* [Your assignment]:
Your copy should match the listing below exactly, except that it holds no images.

* [Data excerpt]:
----

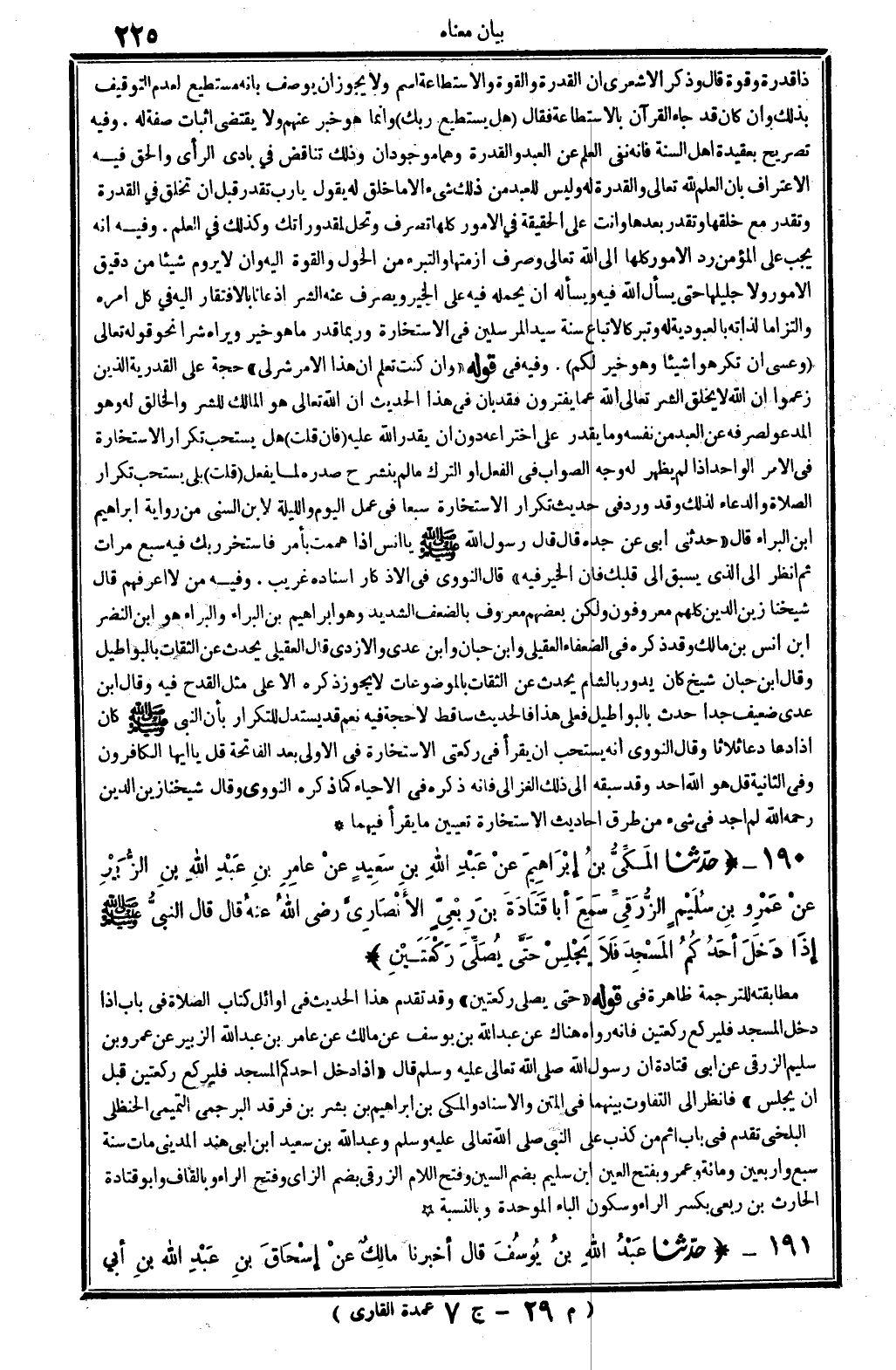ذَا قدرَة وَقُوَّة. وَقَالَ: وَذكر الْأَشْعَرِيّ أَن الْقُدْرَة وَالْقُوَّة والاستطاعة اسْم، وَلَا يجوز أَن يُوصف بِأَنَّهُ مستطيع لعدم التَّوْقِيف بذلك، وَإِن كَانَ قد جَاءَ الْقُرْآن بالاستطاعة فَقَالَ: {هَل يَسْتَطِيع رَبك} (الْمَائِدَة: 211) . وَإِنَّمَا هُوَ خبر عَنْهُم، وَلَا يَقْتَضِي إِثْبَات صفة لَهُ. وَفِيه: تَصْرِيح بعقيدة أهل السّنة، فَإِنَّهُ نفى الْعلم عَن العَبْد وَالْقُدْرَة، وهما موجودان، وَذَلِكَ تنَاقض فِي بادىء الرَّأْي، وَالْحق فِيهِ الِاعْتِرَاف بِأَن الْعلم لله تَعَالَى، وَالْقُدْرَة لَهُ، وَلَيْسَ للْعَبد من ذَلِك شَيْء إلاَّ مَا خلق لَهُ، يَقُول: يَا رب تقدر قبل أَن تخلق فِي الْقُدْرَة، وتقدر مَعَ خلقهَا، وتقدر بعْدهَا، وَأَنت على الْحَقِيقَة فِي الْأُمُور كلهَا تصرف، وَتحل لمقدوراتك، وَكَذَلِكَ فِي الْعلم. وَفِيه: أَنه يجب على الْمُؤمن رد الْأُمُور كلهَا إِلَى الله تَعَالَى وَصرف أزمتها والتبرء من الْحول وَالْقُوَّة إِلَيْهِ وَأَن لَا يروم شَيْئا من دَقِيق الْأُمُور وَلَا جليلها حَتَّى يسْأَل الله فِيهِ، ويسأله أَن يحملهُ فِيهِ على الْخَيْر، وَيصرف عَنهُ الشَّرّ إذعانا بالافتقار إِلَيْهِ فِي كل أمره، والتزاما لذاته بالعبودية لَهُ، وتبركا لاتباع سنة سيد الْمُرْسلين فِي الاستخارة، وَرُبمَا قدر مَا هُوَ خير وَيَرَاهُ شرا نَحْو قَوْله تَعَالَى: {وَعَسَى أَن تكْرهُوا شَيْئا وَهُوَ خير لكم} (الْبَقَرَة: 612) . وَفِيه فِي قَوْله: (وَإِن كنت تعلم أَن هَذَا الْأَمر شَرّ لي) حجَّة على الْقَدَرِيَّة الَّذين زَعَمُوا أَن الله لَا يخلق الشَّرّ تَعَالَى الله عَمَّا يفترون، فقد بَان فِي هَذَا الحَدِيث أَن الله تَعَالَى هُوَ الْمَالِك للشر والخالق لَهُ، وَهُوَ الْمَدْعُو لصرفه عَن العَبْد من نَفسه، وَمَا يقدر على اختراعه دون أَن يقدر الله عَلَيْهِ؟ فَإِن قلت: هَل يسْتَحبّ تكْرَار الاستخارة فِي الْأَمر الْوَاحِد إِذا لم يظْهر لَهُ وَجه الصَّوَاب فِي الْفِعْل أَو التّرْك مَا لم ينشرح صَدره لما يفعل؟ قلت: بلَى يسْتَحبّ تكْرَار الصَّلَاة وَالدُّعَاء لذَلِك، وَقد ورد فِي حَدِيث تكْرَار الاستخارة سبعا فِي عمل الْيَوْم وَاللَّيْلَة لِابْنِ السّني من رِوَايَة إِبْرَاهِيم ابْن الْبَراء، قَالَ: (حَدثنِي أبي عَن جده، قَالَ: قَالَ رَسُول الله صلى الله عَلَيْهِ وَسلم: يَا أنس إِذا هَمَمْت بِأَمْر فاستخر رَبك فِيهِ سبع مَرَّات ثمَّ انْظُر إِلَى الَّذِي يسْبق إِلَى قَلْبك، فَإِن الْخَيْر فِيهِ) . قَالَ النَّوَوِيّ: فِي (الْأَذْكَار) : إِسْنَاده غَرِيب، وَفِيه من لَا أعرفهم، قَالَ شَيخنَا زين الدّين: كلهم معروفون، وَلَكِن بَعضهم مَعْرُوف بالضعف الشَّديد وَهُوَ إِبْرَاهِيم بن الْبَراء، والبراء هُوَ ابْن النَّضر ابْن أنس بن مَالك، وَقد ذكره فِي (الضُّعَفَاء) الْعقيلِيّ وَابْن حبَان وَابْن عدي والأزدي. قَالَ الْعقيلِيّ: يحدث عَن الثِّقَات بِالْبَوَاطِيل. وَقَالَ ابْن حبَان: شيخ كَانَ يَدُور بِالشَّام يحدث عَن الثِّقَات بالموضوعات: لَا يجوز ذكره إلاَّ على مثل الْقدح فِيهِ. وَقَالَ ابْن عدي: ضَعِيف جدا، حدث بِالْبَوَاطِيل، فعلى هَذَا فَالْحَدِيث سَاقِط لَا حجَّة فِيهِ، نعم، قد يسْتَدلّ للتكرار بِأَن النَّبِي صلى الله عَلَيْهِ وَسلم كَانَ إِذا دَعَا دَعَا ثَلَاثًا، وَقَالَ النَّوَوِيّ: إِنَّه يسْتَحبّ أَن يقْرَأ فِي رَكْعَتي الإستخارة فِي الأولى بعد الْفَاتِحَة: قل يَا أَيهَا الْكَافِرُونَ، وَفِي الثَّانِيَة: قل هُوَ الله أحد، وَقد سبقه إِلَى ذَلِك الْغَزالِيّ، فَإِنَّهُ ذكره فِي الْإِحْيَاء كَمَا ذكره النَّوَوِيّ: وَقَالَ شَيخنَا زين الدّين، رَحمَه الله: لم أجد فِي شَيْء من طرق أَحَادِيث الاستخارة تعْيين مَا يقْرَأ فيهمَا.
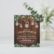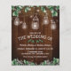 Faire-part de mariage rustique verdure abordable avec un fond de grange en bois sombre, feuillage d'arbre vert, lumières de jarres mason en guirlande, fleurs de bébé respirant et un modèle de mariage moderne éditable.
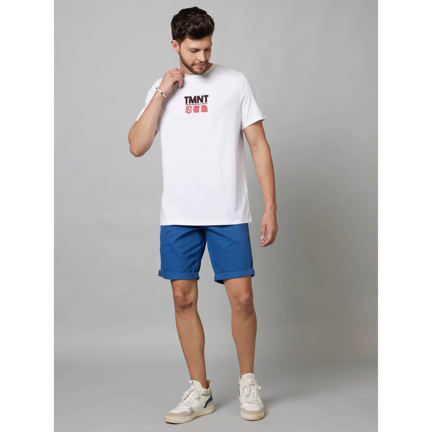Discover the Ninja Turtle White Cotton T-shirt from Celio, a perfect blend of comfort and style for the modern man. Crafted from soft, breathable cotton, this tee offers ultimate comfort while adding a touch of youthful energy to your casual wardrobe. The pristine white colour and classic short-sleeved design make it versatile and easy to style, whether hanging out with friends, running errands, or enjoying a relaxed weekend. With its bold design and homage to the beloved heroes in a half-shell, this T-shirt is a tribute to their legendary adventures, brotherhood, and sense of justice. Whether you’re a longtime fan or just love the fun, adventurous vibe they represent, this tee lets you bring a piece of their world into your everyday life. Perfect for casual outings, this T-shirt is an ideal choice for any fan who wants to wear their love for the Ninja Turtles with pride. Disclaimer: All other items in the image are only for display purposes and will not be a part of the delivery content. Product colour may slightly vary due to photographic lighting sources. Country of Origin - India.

----

* [Exercise output]:
ذَا قدرَة وَقُوَّة. وَقَالَ: وَذكر الْأَشْعَرِيّ أَن الْقُدْرَة وَالْقُوَّة والاستطاعة اسْم، وَلَا يجوز أَن يُوصف بِأَنَّهُ مستطيع لعدم التَّوْقِيف بذلك، وَإِن كَانَ قد جَاءَ الْقُرْآن بالاستطاعة فَقَالَ: {هَل يَسْتَطِيع رَبك} (الْمَائِدَة: 211) . وَإِنَّمَا هُوَ خبر عَنْهُم، وَلَا يَقْتَضِي إِثْبَات صفة لَهُ. وَفِيه: تَصْرِيح بعقيدة أهل السّنة، فَإِنَّهُ نفى الْعلم عَن العَبْد وَالْقُدْرَة، وهما موجودان، وَذَلِكَ تنَاقض فِي بادىء الرَّأْي، وَالْحق فِيهِ الِاعْتِرَاف بِأَن الْعلم لله تَعَالَى، وَالْقُدْرَة لَهُ، وَلَيْسَ للْعَبد من ذَلِك شَيْء إلاَّ مَا خلق لَهُ، يَقُول: يَا رب تقدر قبل أَن تخلق فِي الْقُدْرَة، وتقدر مَعَ خلقهَا، وتقدر بعْدهَا، وَأَنت على الْحَقِيقَة فِي الْأُمُور كلهَا تصرف، وَتحل لمقدوراتك، وَكَذَلِكَ فِي الْعلم. وَفِيه: أَنه يجب على الْمُؤمن رد الْأُمُور كلهَا إِلَى الله تَعَالَى وَصرف أزمتها والتبرء من الْحول وَالْقُوَّة إِلَيْهِ وَأَن لَا يروم شَيْئا من دَقِيق الْأُمُور وَلَا جليلها حَتَّى يسْأَل الله فِيهِ، ويسأله أَن يحملهُ فِيهِ على الْخَيْر، وَيصرف عَنهُ الشَّرّ إذعانا بالافتقار إِلَيْهِ فِي كل أمره، والتزاما لذاته بالعبودية لَهُ، وتبركا لاتباع سنة سيد الْمُرْسلين فِي الاستخارة، وَرُبمَا قدر مَا هُوَ خير وَيَرَاهُ شرا نَحْو قَوْله تَعَالَى: {وَعَسَى أَن تكْرهُوا شَيْئا وَهُوَ خير لكم} (الْبَقَرَة: 612) . وَفِيه فِي قَوْله: (وَإِن كنت تعلم أَن هَذَا الْأَمر شَرّ لي) حجَّة على الْقَدَرِيَّة الَّذين زَعَمُوا أَن الله لَا يخلق الشَّرّ تَعَالَى الله عَمَّا يفترون، فقد بَان فِي هَذَا الحَدِيث أَن الله تَعَالَى هُوَ الْمَالِك للشر والخالق لَهُ، وَهُوَ الْمَدْعُو لصرفه عَن العَبْد من نَفسه، وَمَا يقدر على اختراعه دون أَن يقدر الله عَلَيْهِ؟ فَإِن قلت: هَل يسْتَحبّ تكْرَار الاستخارة فِي الْأَمر الْوَاحِد إِذا لم يظْهر لَهُ وَجه الصَّوَاب فِي الْفِعْل أَو التّرْك مَا لم ينشرح صَدره لما يفعل؟ قلت: بلَى يسْتَحبّ تكْرَار الصَّلَاة وَالدُّعَاء لذَلِك، وَقد ورد فِي حَدِيث تكْرَار الاستخارة سبعا فِي عمل الْيَوْم وَاللَّيْلَة لِابْنِ السّني من رِوَايَة إِبْرَاهِيم ابْن الْبَراء، قَالَ: (حَدثنِي أبي عَن جده، قَالَ: قَالَ رَسُول الله صلى الله عَلَيْهِ وَسلم: يَا أنس إِذا هَمَمْت بِأَمْر فاستخر رَبك فِيهِ سبع مَرَّات ثمَّ انْظُر إِلَى الَّذِي يسْبق إِلَى قَلْبك، فَإِن الْخَيْر فِيهِ) . قَالَ النَّوَوِيّ: فِي (الْأَذْكَار) : إِسْنَاده غَرِيب، وَفِيه من لَا أعرفهم، قَالَ شَيخنَا زين الدّين: كلهم معروفون، وَلَكِن بَعضهم مَعْرُوف بالضعف الشَّديد وَهُوَ إِبْرَاهِيم بن الْبَراء، والبراء هُوَ ابْن النَّضر ابْن أنس بن مَالك، وَقد ذكره فِي (الضُّعَفَاء) الْعقيلِيّ وَابْن حبَان وَابْن عدي والأزدي. قَالَ الْعقيلِيّ: يحدث عَن الثِّقَات بِالْبَوَاطِيل. وَقَالَ ابْن حبَان: شيخ كَانَ يَدُور بِالشَّام يحدث عَن الثِّقَات بالموضوعات: لَا يجوز ذكره إلاَّ على مثل الْقدح فِيهِ. وَقَالَ ابْن عدي: ضَعِيف جدا، حدث بِالْبَوَاطِيل، فعلى هَذَا فَالْحَدِيث سَاقِط لَا حجَّة فِيهِ، نعم، قد يسْتَدلّ للتكرار بِأَن النَّبِي صلى الله عَلَيْهِ وَسلم كَانَ إِذا دَعَا دَعَا ثَلَاثًا، وَقَالَ النَّوَوِيّ: إِنَّه يسْتَحبّ أَن يقْرَأ فِي رَكْعَتي الإستخارة فِي الأولى بعد الْفَاتِحَة: قل يَا أَيهَا الْكَافِرُونَ، وَفِي الثَّانِيَة: قل هُوَ الله أحد، وَقد سبقه إِلَى ذَلِك الْغَزالِيّ، فَإِنَّهُ ذكره فِي الْإِحْيَاء كَمَا ذكره النَّوَوِيّ: وَقَالَ شَيخنَا زين الدّين، رَحمَه الله: لم أجد فِي شَيْء من طرق أَحَادِيث الاستخارة تعْيين مَا يقْرَأ فيهمَا.
 Faire-part de mariage rustique verdure abordable avec un fond de grange en bois sombre, feuillage d'arbre vert, lumières de jarres mason en guirlande, fleurs de bébé respirant et un modèle de mariage moderne éditable.
Discover the Ninja Turtle White Cotton T-shirt from Celio, a perfect blend of comfort and style for the modern man. Crafted from soft, breathable cotton, this tee offers ultimate comfort while adding a touch of youthful energy to your casual wardrobe. The pristine white colour and classic short-sleeved design make it versatile and easy to style, whether hanging out with friends, running errands, or enjoying a relaxed weekend. With its bold design and homage to the beloved heroes in a half-shell, this T-shirt is a tribute to their legendary adventures, brotherhood, and sense of justice. Whether you’re a longtime fan or just love the fun, adventurous vibe they represent, this tee lets you bring a piece of their world into your everyday life. Perfect for casual outings, this T-shirt is an ideal choice for any fan who wants to wear their love for the Ninja Turtles with pride. Disclaimer: All other items in the image are only for display purposes and will not be a part of the delivery content. Product colour may slightly vary due to photographic lighting sources. Country of Origin - India.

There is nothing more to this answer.